Non-alcoholic fatty liver disease (NAFLD)
The Health Service Executive (HSE) recently reported that Ireland has one of the highest levels of obesity in Europe.8 Obesity is linked with many chronic illnesses including NAFLD and liver cirrhosis. It is associated with a 1.5 – 4.5 times higher risk of HCC, contributing to nearly 10% of all HCC incidence worldwide. NAFLD is currently the fastest growing cause of HCC in liver transplant candidates and is the leading cause of HCC in the absence of liver cirrhosis.4
Weight loss and increased physical activity improves outcomes for patients with NAFLD, reducing the progression to cirrhosis.
Alcohol
Alcohol Action Ireland and the UCC School of Public Health attribute the number 1 cause of alcohol related deaths in Ireland to liver cancer and liver cirrhosis.
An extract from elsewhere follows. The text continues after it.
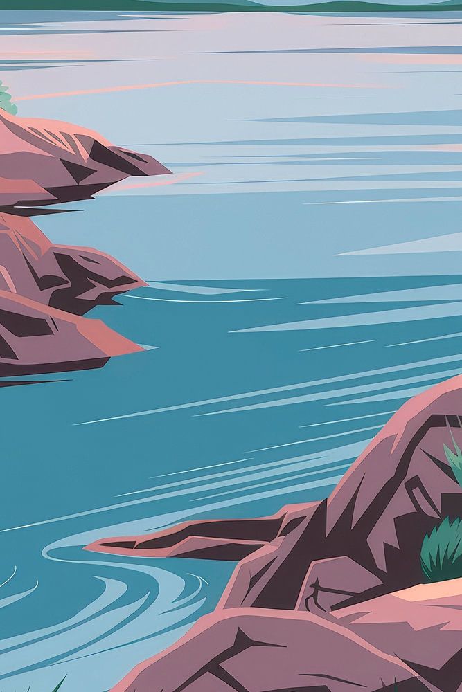 This harmonious landscape transports the viewer to the rolling hills and tranquil waters of Vermont, framed by delicate green foliage. The warm pastel colours of the sunset create a relaxed atmosphere that is ideal for a living room where family and friends can come together and enjoy the peaceful beauty.

The International Agency for Research on Cancer classify alcohol as a group 1 carcinogen. There is a proven link between alcohol and several types of cancer. While it is important to note that there is no safe level of alcohol consumption, low risk drinking guidelines are available recommending less than 11 standard drinks per week for women and 17 standard drinks per week for men. It is hoped that the Public Health (Alcohol) Act 2018 will help to reduce alcohol use and subsequent harms in Ireland.
Smoking
Smoking is associated with risk for many cancers, but specifically a 20%-86% increased risk for HCC.4 Quitting smoking can return this risk almost to baseline after 30 years of cessation. The HSE provide resources and programmes to assist in smoking cessation.
Surveillance
Once a diagnosis of liver cirrhosis has been made or a patient has chronic HBV in the absence of cirrhosis, regular surveillance for primary liver cancer is recommended the world over, in the form of an ultrasound liver every 6 months, to assess for the development of primary liver cancer.4, 5 Although the evidence is not strong for the use of tumour markers as part of the surveillance protocol, the measurement of alphafetoprotein (AFP) level in blood may assist in early detection of primary liver cancer.
Conclusion
Primary liver cancer rates are increasing in Ireland. HCC is the most common type of primary liver cancer and usually occurs on a background of liver cirrhosis. Surveillance for HCC should be offered to all patients who qualify for it. A specialist MDT should provide recommendations for management of anyone diagnosed with liver cancer. However, prevention is better than cure! Steps need to be taken in at risk groups to prevent the development of significant liver fibrosis, cirrhosis and primary liver cancer. If you would like any further information, the Irish Liver Foundation (www.liverfoundation. ie) and the Irish Cancer Society (www.cancer.ie) have excellent information pages dedicated to primary liver cancer.